Real Estate

NJ Industrial Construction and Renewal Activity Strengthen During 3Q19

Cushman & Wakefield Reports Historical Fundamentals in Prolonged Expansion Cycle

Despite global economic crosswinds, trade wars and tariffs, the New Jersey industrial market continued to thrive during the third quarter of 2019, according to Cushman & Wakefield. The commercial real estate services firm released its latest industrial research findings – showing historically high asking rents ($9.29 per square foot) and record-low vacancies (3.2%) heading into the final months of the year. Further, the market now boasts 8.1 million square feet of warehouse product under development – potentially pushing construction volume to a century-high mark in 2020.

“Developers are attempting to help replenish limited Class A supply to the marketplace amidst strong tenant interest in this prolonged expansion cycle,” noted Jason Price, Cushman & Wakefield’s director of Suburban Tri-State Research. “12 of the 17 facilities under construction are larger than 300,000 square feet; four exceed 800,000 square feet.”

  • More than 40% of the space has been preleased; five developments have been leased in full with heavy interest by tenants on some others.
  • 6% of this new product is concentrated within the Exit 8A and the Upper 287 Corridor submarkets.

To date in 2019, 6.3 million square feet of new industrial space has been delivered, including 1.5 million square feet that came online during the third quarter. “Demand for new product remains strong, evidenced by 69.1% preleasing on 2019 deliveries,” Price noted. “This velocity shows no sign of slowing down and the development community is responding. In fact, we are anticipating more than 18.0 million square feet in the industrial pipeline through mid-2021.”

The scarcity of available existing warehouse product led to a decline in new leasing during the third quarter, with activity falling to just below 4.4 million square feet – marking just the second time in six years that saw quarterly demand lower than 5.0 million square feet. Highlights included eight deals larger than 200,000 square feet, led by Home Depot’s 1.3-million-square-foot, build-to-suit commitment at Steel Run Logistics Center in Perth Amboy. That two-building lease marks the state’s largest in two years and only the fifth industrial lease deal greater than 1.0 million square feet since 2010.

“With 19.4 million square feet of new transactions signed year-to-date, new leasing activity has fallen behind last year’s pace by 4.7%,” noted Cushman & Wakefield’s Andrew Judd, New Jersey market leader. “At the same time, renewal activity rose markedly during the past three months, with 3.9 million square feet of completed lease extensions.” This included several deals in excess of 200,000 square feet, highlighted by Barnes & Noble’s 1.1 million-square-foot renewal at 1 Barnes & Noble Way in Monroe Township.

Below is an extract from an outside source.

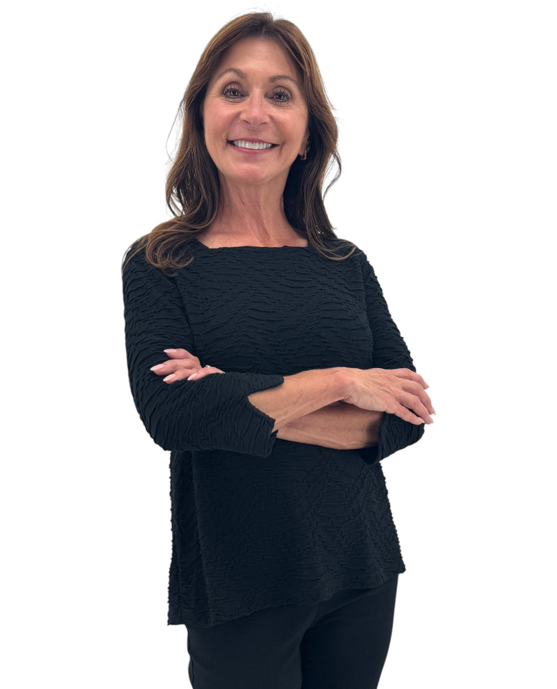 The Leo and Nicole Petite Textured Square Neck Top offers a modest square neckline that enhances your silhouette with a modern touch. Designed specifically for petite sizes, this top provides a comfortable, tailored fit without excess fabric. Its subtle textured fabric adds visual interest while remaining versatile enough for both casual and dressy occasions. Slits in the sleeves and a flattering A-line shape help make this a knock-out basic.

Absorption totals also reflect the scarcity of available industrial inventory. Net occupancy gains totaled just 1.3 million square feet during the third quarter, bringing the year-to-date total to 7.2 million square feet – well behind last year’s pace of 14.5 million square feet. Still, industrial vacancy diminished modestly (10 basis points since mid-year) to 3.2%. Within warehouse space, the rate dipped back to the historical low of 3.0%. Four NJ Turnpike Corridor submarkets currently boast rates under 1.5%, including Upper 287, Exit 9, Exit 8 and Exit 7A/8.

Cushman & Wakefield projects vacancy totals to remain relatively steady through year-end and into 2020. “In the near-term, the local industrial marketplace will remain fundamentally healthy and poised for further growth – driven largely by logistics and eCommerce companies relocating and expanding within the marketplace,” Judd noted. “Despite land constraints, developers will continue to add new supply to the marketplace as tenant demand endures and existing Class A space options remain limited.”.